In 1995, he founded the LCM Groupe in Paris, France to specialize in the rapidly emerging Internet Venture Capital and Private Equity industry. A focus in the technology research field of Chaos Theory and Mandelbrot Generators lead in the early 2000's to the development of advanced Technical Analysis and Market Analytics platforms. The LCM Groupe is a recognized source for the most advanced technical analysis techniques employed in market trading pattern recognition.

Mr. Long presently resides in Boston, Massachusetts, continuing the expansion of the LCM Groupe's International Private Equity opportunities in addition to their core financial market trading platforms expertise. GordonTLong.com is a wholly owned operating unit of the LCM Groupe.

Gordon T. Long is a graduate Engineer, University of Waterloo (Canada) in Thermodynamics-Fluid Mechanics (Aerodynamics). On graduation from an intensive 5 year specialized Co-operative Engineering program he pursued graduate business studies at the prestigious Ivy Business School, University of Western Ontario (Canada) on a Northern & Central Gas Corporation Scholarship. He was subsequently selected to attend advanced one year training with the IBM Corporation in New York prior to starting his career with IBM.

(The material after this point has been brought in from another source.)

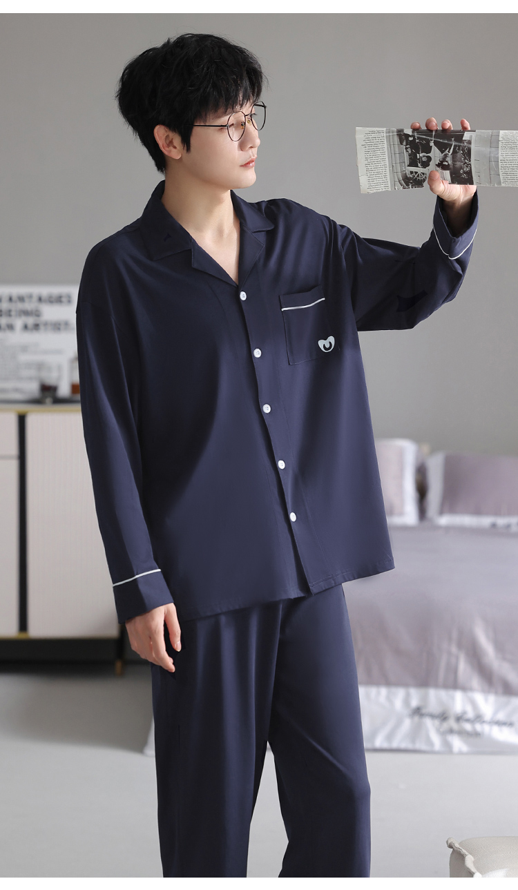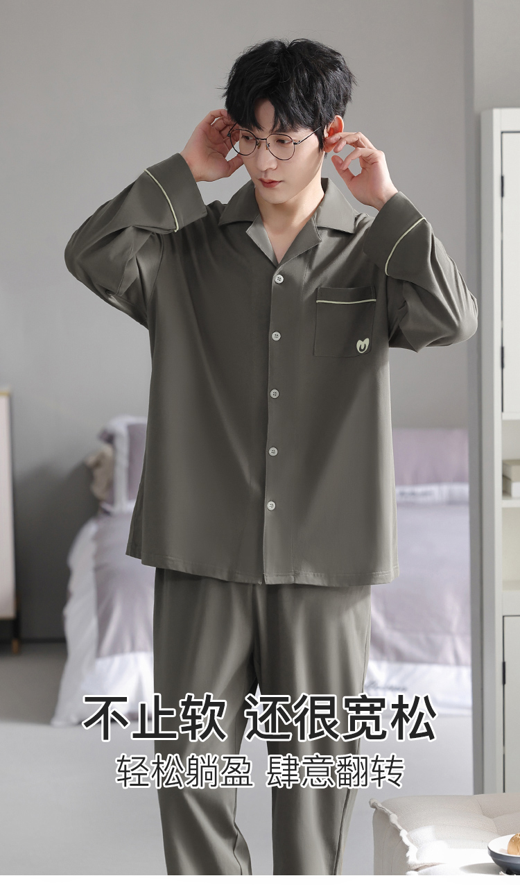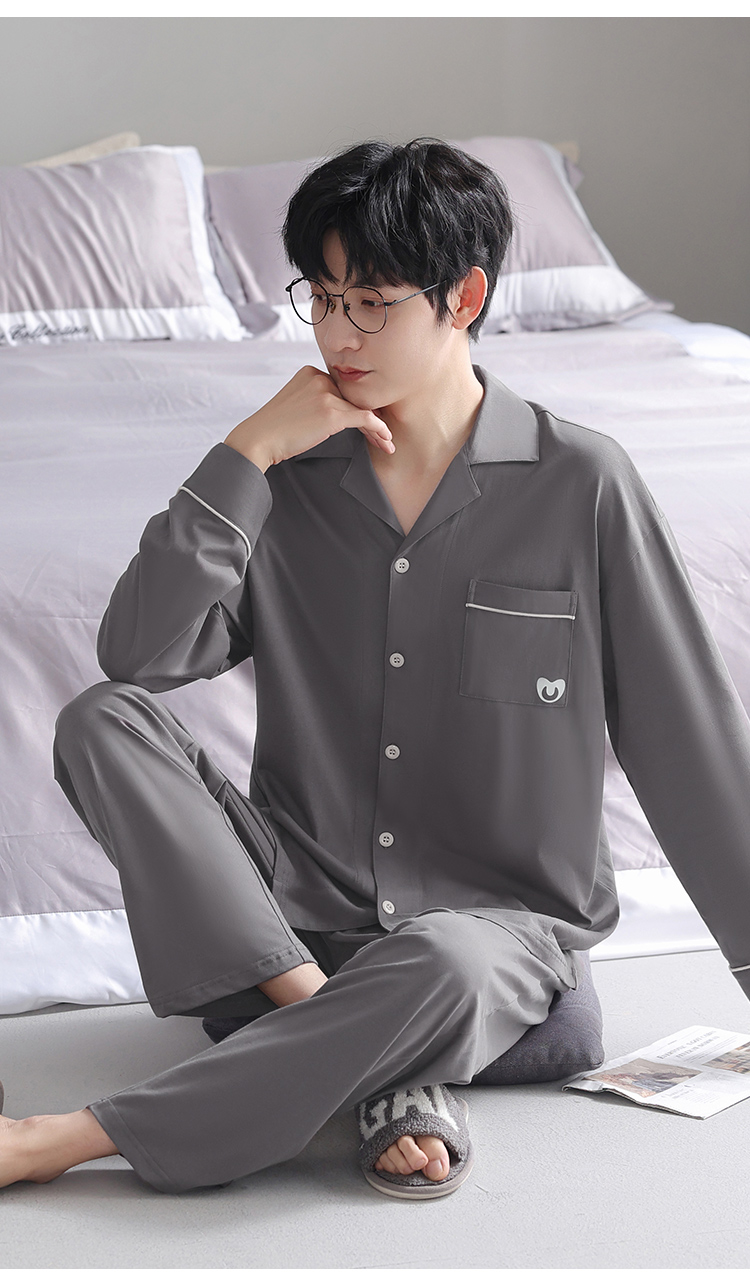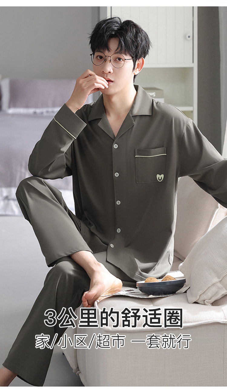 【L-XXL】男款长袖开衫家居服睡衣套装猫人(纯棉)

Gordon T Long is not a registered advisor and does not give investment advice. His comments are an expression of opinion only and should not be construed in any manner whatsoever as recommendations to buy or sell a stock, option, future, bond, commodity or any other financial instrument at any time. While he believes his statements to be true, they always depend on the reliability of his own credible sources. Of course, he recommends that you consult with a qualified investment advisor, one licensed by appropriate regulatory agencies in your legal jurisdiction, before making any investment decisions, and barring that, we encourage you confirm the facts on your own before making important investment commitments.